P گرفتار _giriftār_, vulg. _giraftār_ [_girift_, q.v.+_tār_ = Pehl. _tar_ = Zend _tar_; S. तार्], adj. & s.m. Taken, seized, arrested,  captured; involved (in), entangled; liable; stricken, smitten (with love, &c.), captivated;—one who is taken, &c.; a captive, a prisoner:—_giriftār-shuda_, part. adj. Taken, &c. (=_giriftār_):—_giriftār karnā_, v.t. To take, seize, arrest, apprehend, capture, to make a prisoner or captive of; to involve (a person, in, -_meṅ_); to captivate:—_giriftār honā_ (-_meṅ_), To be taken, &c.; to become a prisoner or captive; to be involved (in), to be smitten (with), to be enamoured (of).
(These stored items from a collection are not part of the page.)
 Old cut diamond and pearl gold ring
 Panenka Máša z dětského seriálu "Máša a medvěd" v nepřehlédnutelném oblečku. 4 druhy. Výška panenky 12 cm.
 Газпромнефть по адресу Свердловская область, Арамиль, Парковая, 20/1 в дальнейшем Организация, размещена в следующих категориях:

गिरफ़्तार girafta:r (_a_) arrested, captured, apprehended.


----------



## nineth

If new words need to be coined, I would propose something like:

download = nichlaad =  निचलाद 
upload     = uchlaad =  उचलाद


----------



## Qureshpor

Good suggestions. I also had in mind "up-laad" (up being shortened form of uupar) but I believe "up" has another meaning in Hindi compound word formation, does n't it?


----------



## nineth

QURESHPOR said:


> Good suggestions. I also had in mind "up-laad" (up being shortened form of uupar) but I believe "up" has another meaning in Hindi compound word formation, does n't it?
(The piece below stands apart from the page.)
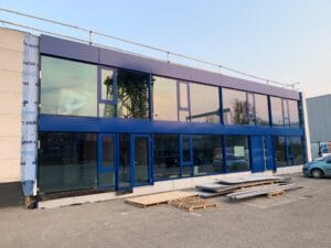 Zo heeft de afgelopen weken de focus van de werkzaamheden grotendeels aan de schil van het pand gelegen. Hierbij hebben we de oude gevelbeplating en gasbetonelementen verwijderd waarna de nieuwe vliesgevel geplaatst kon worden.

Indeed, 'up' is commonly used where one would use 'sub/vice/deputy' in English. upaadhyaksh (vice president), upa pradhaanacharya (vice principal)


----------



## Faylasoof

Alfaaz said:


> These seem to be terms used in Urdu:
> Download: زیراثـقال
> Upload: زبراثـقال


 You are right Alfaaz SaaHib! These are the standard technical terms in Urdu for download and upload so there is hardly a need to invent more unless one wishes to for fun. Of course most people use the English terms anyway.


----------



## Faylasoof

BelligerentPacifist said:


> Continuing with the air of this discussion, 'download' could simply be _utaarnaa_. When you download stuff from a vehicle, you say just that.
> 
> Another simple term could be _giriftaar karnaa_.


 Yes, _utaarnaa_ (download) and _chaRhaanaa _(upload) may also be used. 
But this is not appropriate. We always use _giriftaar karnaa_ with the meaning of _capture, __seize, __apprehend, arrest_, as mentioned above in post # 23.


----------



## marrish

> *Alfaaz :* These seem to be terms used in Urdu:
> Download: زیراثـقال
> Upload: زبراثـقال​





Faylasoof said:


> You are right Alfaaz SaaHib! These are the standard technical terms in Urdu for download and upload so there is hardly a need to invent more unless one wishes to for fun. Of course most people use the English terms anyway.



Faylasoof SaaHib, you have stated that these terms are standard technical expressions in Urdu. Have you happened to come across them anywhere in a text or in a dictionary? I would be grateful for the feedback.


----------



## marrish

marrish said:


> I'm very pleased with the responses so far.
> 
> In post #4 some ''high register'' expressions have been mentioned (from a Wikipedia page). Perhaps it would be possible to have High Hindi words, if available?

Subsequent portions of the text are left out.